If the farmers of Australia knew the story behind the superphosphate they routinely apply on their lands, they would have to wrestle with a difficult moral dilemma do they continue using it or boycott this vitally needed commodity?
Because the superphosphate used in Australia is bought at an enormous cost a cost paid by the people of Western Sahara through their torture, rape, murder and dispossession.
The story of how farmers have found themselves in this situation has echoes of the AWB wheat-for-weapons scandal. And like that controversy, it involves Australian companies doing business with an oppressive regime under the watchful eye of the Department of Foreign Affairs and Trade (DFAT).
‘If DFAT told us not to import the phosphate from Western Sahara, we wouldn’t,’ said Neville Heydon, Corporate Affairs Adviser for the Australian fertiliser company Incitec Pivot. ‘But they haven’t told us to stop importing it and the UN advice is not so clear on it either.’
Before addressing the legality of the importation of phosphate from Western Sahara, a brief history of that country is necessary.
The people of Western Sahara, the last colony in Africa, are one of the few peoples in the world still under occupation. Western Sahara, a territory the size of the UK and very rich in fishing resources, phosphate, minerals and possibly oil, has been recognised as a Non-Self-Governing Territory by the United Nations since the early 1960s.
At that time it was decided that Spain, the administrating power of the territory, should co-operate with the international community in the decolonisation process recommended by the UN, and a referendum on self-determination was supposed to take place in 1975.
Instead, in 1975, Spain, Morocco and Mauritania signed an illegal tripartite agreement, the ‘Madrid Accords’,by which the Spanish administration withdrew from the territory leaving it to the two neighbouring countries, but maintaining a privileged priority in the exploitation of Western Sahara’s natural resources.
Morocco and Mauritania invaded Western Sahara in early November 1975.
Eye witnesses in the occupied zones talk about entire groups of nomads killed by the Moroccan army at the end of 1975. These people were arrested, tortured, some had their children killed before their eyes, and entire families were buried alive in common graves near the regions of Lamsseid, Jdeiria and Houza.
Those who succeeded in fleeing the massacres are now living in one of the most inhospitable zones in the world, the Hamada desert in southwestern Algeria.
In the occupied zone of Western Sahara, the Saharawi people were arbitrarily arrested and abducted by Moroccan police, and then imprisoned and tortured in secret detention camps. The Saharawi organised themselves into an armed resistance and after a long and bloody war Mauritania withdrew and Morocco, with military help from the United States and France, took possession of most of the territory.
In 1987, the Moroccan authorities forced more than 10,000 Saharawi students to give up their studies, and deported them to Moroccan cities to work in the Moroccan administration. In the same year, more than 300 young Saharawi were arrested and tortured by Moroccan police 74 of them disappeared until 1991, when they reappeared completely broken. The stories they told were of torture and humiliation, of women being raped and dozens of prisoners killed under torture.

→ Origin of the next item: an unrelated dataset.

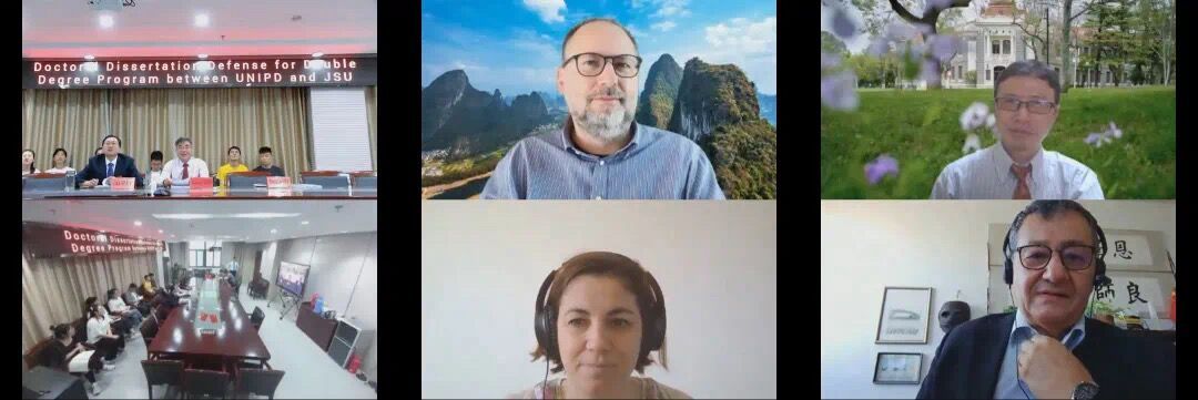 On May 30, the double doctorate dissertation defense meeting of postgraduate Yin Tingyun was held by the combination of online and offline. According to the cooperation agreement signed by the two universities, the defense committee is composed of experts from both China and Italy. Prof. Luo Xianwu of Tsinghua University served as the chairman of the Defense Committee. The other members of the Defense Committee are Prof. Ernesto Benini and Prof. Giovanna Cavazzini of Università di Padova, Prof. Pei Ji of Jiangsu University. As the supervisors of Yin Tingyun, Secretary of the Party Committee Prof. Yuan Shouqi and Prof. Giorgio Pavesi of UNIPD attended the meeting.

In 1991, a ceasefire was negotiated and the UN Mission for the Referendum in Western Sahara established. However, Morocco has steadfastly refused to allow a referendum on independence. It also rejected a 2003 peace plan put forward by then United Nations special envoy James Baker.
In May 2005, after the Moroccan king clearly declared that he was not willing to respect the Saharawi people’s right to self-determination, the Saharawi living in the occupied zone started a peaceful and popular uprising. The uprising continues to this day. (link here).
So what has all that distant horror and misery got to do with Australian farmers trying to grow crops and feed their flocks?
Western Sahara has the largest and best supply of phosphate rock in the world. Phosphate is the mineral used in the chemical fertiliser known as superphosphate, which is used across Australia for pasture improvement and crop growth. It is sold domestically by three companies: Incitec Pivot which has 65 per cent of the market; CSBP (Wesfarmers) and Impact which share the remaining 35 per cent of the market between them.
All the superphosphate sold by these three companies contains phosphate mined in Western Sahara and sold by Morocco in contravention of UN directive and advice. It is mined and exported without the consent of the Saharawi people. In fact, Morocco will not even allow Saharawi to work in the phosphate mines.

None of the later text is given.